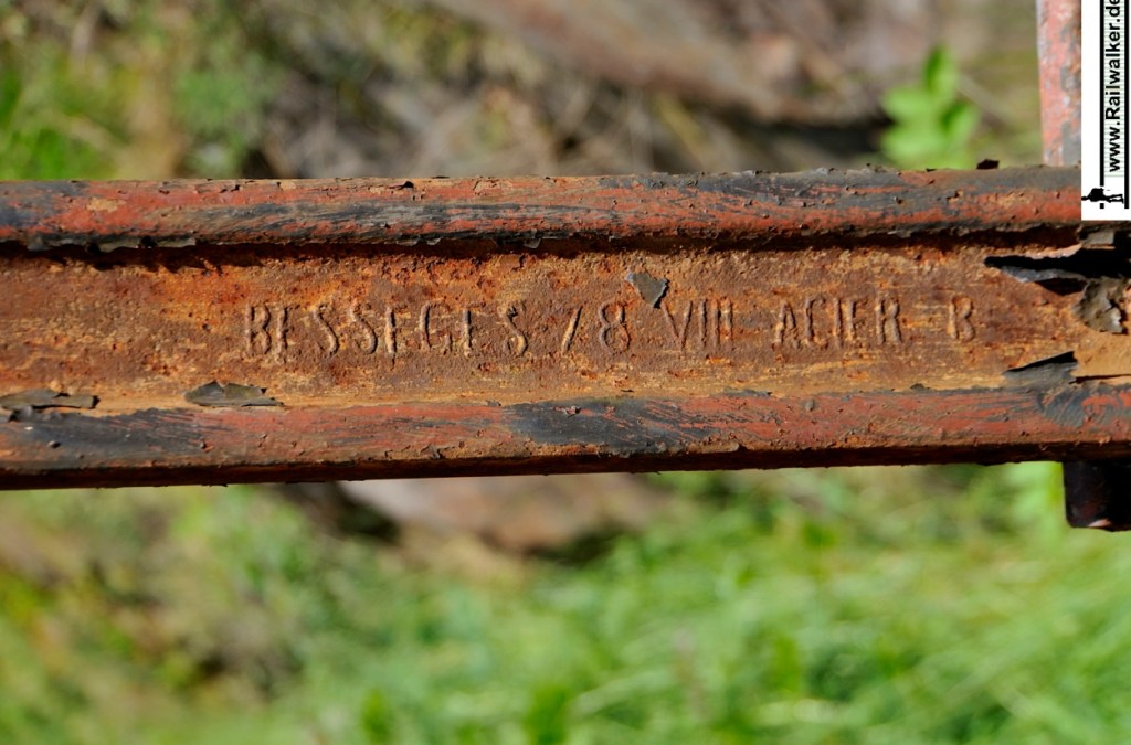- Schienen mit dem Walzzeichen Besseges fand ich im Umkreis von Lyon und sogar bis in den Raum von Limoges. Das Werk in Besseges gehörte zur Firma „Compagnie des Fonderies et Forges de Terrenoire„. Manche der gefundenen Schienen sind datiert bis in die 1870er Jahre.
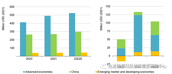 圖3 2020-2022年不同經濟體清潔能源投資總額變化趨勢(單位:十億美元)
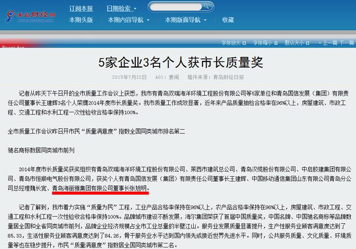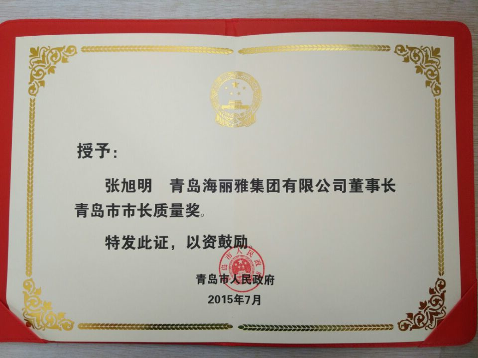 2015年7月21日,青島市人民政府辦公廳召開全市質量工作會議,對2014年度青島市市長質量獎獲獎組織和個人進行表彰。青島海麗雅集團董事長張旭明在全市參評中,經過層層評定,榮獲市長質量獎個人獎。
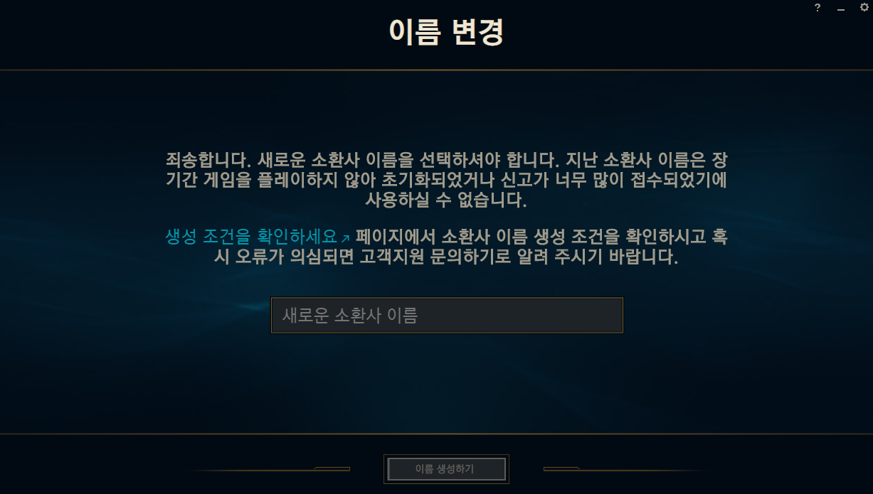 정지 해제되면 새로운 닉네임 생성을 해야합니다!!!!! 정든 내 닉네임 안녕......
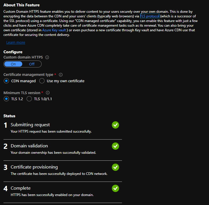 In order to use a custom domain for Azure CDN we need to create a CNAME record with our DNS provider that points from the domain (like staticsite.mydomain.com) to the domain we queried in the previous step (like cdn-ep-mystaticwebsite.azureedge.net). After that we can set the custom domain on the Azure CDN profile. After that we can add the custom domain to the Azure CDN profile.
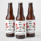 Etiqueta de Garrafa de Cerveja de Pickleball de Natal giro com Papais noeis jogando picleball em fundo branco. Coma, beba e seja feliz
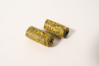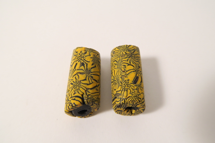 2 alte Millefiori Glasperlen, Murano, vor 1930. Altersgemäßer Zustand, teils bestoßen mit Chips. Maximale Größe ca. 31 x 14mm.
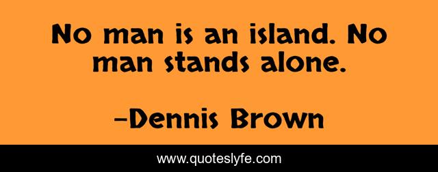 This page presents the quote "No man is an island. No man stands alone.". Author of this quote is Dennis Brown. This quote is about island, stands, man,.
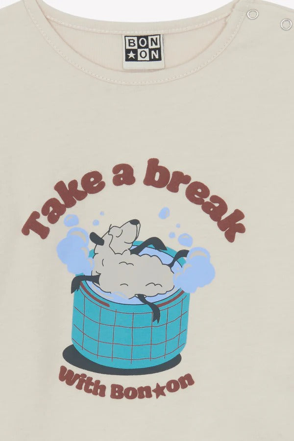 Item: The Taxi Break t-shirt from the "Faroe Island" collection is an invitation to adventure and relaxation! With its long sleeves and its Illustration "Take a break", it is ready for fall escapades. Easy to put on with its Button Pressures on the shoulder, it is perfect for small explorers.

- - - -

Once the line with "Etiqueta de Garrafa" is found in the data above, reproduce it and each line after it exactly, through the line with "2 alte Millefiori". Omit the pictures.

 Etiqueta de Garrafa de Cerveja de Pickleball de Natal giro com Papais noeis jogando picleball em fundo branco. Coma, beba e seja feliz
 2 alte Millefiori Glasperlen, Murano, vor 1930. Altersgemäßer Zustand, teils bestoßen mit Chips. Maximale Größe ca. 31 x 14mm.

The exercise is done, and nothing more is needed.